Received in November after the deadly attacks in Paris, the threat came from French Islamic State member, Maxime Hauchard, said Luiz Alberto Sallaberry, counterterrorism director of the Brazilian Intelligence Agency (ABIN), at a security event in Rio Wednesday.
The account was subsequently deactivated, but Brazilian intelligence believes her threat–that Brazil was next on ISIS’ list of targets–was anything but arbitrary.
“Brazil is a very pacifist country,” Rio mayor Eduardo Paes said during a press tour of the Olympic Park last week. “We’ve never had any intention to occupy space, to colonize, to attack, to go to war. We aren’t a belligerent country. So we don’t have the hatred of Arab countries, of countries that feel oppressed by the big empires.”
Brazilian officials have long denied the possibility of a terrorist attack in their nation, but with recent attacks in Brussels and Paris being what they were, Sallaberry admits an attack at the Olympics is more likely than ever.
Thus, ABIN is sparing no expense to equip its security forces with new training, and employ the help of intelligence agencies from around the world.
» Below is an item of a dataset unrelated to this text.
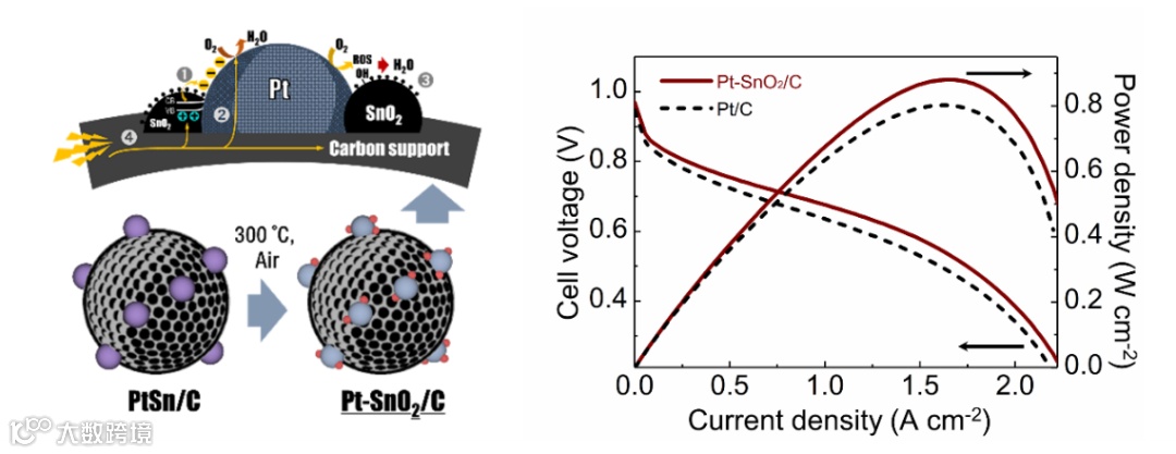 燃料电池中,由Pt纳米颗粒和第二金属氧化物组成的非均相纳米杂化材料可提高材料耐腐蚀性能并且防止了Pt颗粒的迁移。因此,作为电化学催化剂引起了广泛关注。

Joseph Ryan, professor and chair of the Department of Criminal Justice and Security at Pace University, told Homeland Security Today that in the current threat environment, dangerous security incidents are no longer a matter of “if” but of “when.” However, he is optimistic that the games will be safe.
“You can always expect something is going to happen,” said Ryan. “Security teams must be absolutely vigilant.”
500,000 tourists and athletes, including 200,000 Americans, are set to descend upon Rio de Janeiro in August for the spectacle.
Brazil’s security spend is expected to hit $200 million for the event, and plans to utilize 85,000 security agents which is the most agents ever deployed in a single Brazilian city, and more than double the number used in London’s 2012 Olympic Games.